В этот момент раздалась телефонная трель аппарата оперативной связи.

– Подполковник Калинин, – представился он.

– Андрюха, это я, Костя. Я раздобыл информацию про твоего Левина.

– О, замечательно. Я как раз со своим сотрудником обсуждаю его, – Калинин подмигнул Савельеву.

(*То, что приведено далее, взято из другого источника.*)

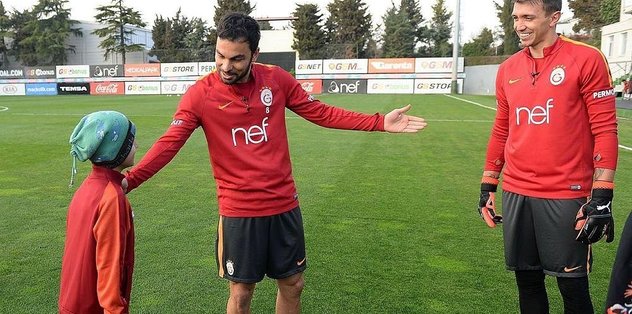 Galatasaray taraftarı 10 yaşındaki rabdomyosarkom (kas ve yumuşak doku tümörü) hastası Kaan Muhammed Eraslan, sarı-kırmızılı futbolcularla bir araya geldi.

– Слушай, вот у меня на столе справка по материалам оперативного дела. Из нее следует, что он в 1988–1990 годах проходил срочную службу в частях специального назначения ВДВ сначала в Прибалтике, а затем в Азербайджане. По окончании службы убыл к месту рождения, где некоторое время работал телеоператором. В 1991 году был завербован для участия в боевых действиях на стороне оппозиции в Таджикистане. Участвовал в боевых действиях на Памире. Потом был завербован нашими гэрэушниками. Имел псевдоним Петров.

– Петров? Так он у нас этой фамилией представлялся.

– Этот сучок подставил под огневой удар свой отряд. Сообщил, что в отряде находится крупная партия героина. Наши спецназовцы с вертушек отряд и уничтожили. Героина прибывшая в лагерь группа не обнаружила. Сам Левин получил ножевое ранение в бедро. Лечился в военном госпитале в Душанбе. Через месяц обманным путем военно-транспортным самолетом при содействии посольства РФ он убыл в Россию. Это было летом 1991 года. Потом, Андрюха, стали вскрываться любопытные факты. Оказывается, один из наемников остался в живых. Его позже подобрали бойцы президентской гвардии Таджикистана, подлечили и передали нашим. Он рассказал, что Левин нашел ящик с деньгами, доставленный в лагерь боевиков как раз накануне авианалета. И самое интересное, он появился за час до прибытия наших спецназовцев и первым делом расстрелял командира отряда. Сначала пытал его, раненного, выясняя, где деньги. Сумма была крупная, где-то тысяч под пятьдесят долларов США. Выживший также сообщил, что он у убитых по карманам шарил в поисках наличности.

– Вот сука, – вырвалось у Калинина, отчего сидящий рядом с ним Савельев испуганно сжался.

– Когда он уже исчез, – продолжил Амельченко. – К местным особистам стали обращаться сотрудники госпиталя. Оказывается, перед самой его отправкой бортом в Москву он их подчистую обчистил. Похитил золотые украшения, деньги. Как раз была зарплата у служащих госпиталя.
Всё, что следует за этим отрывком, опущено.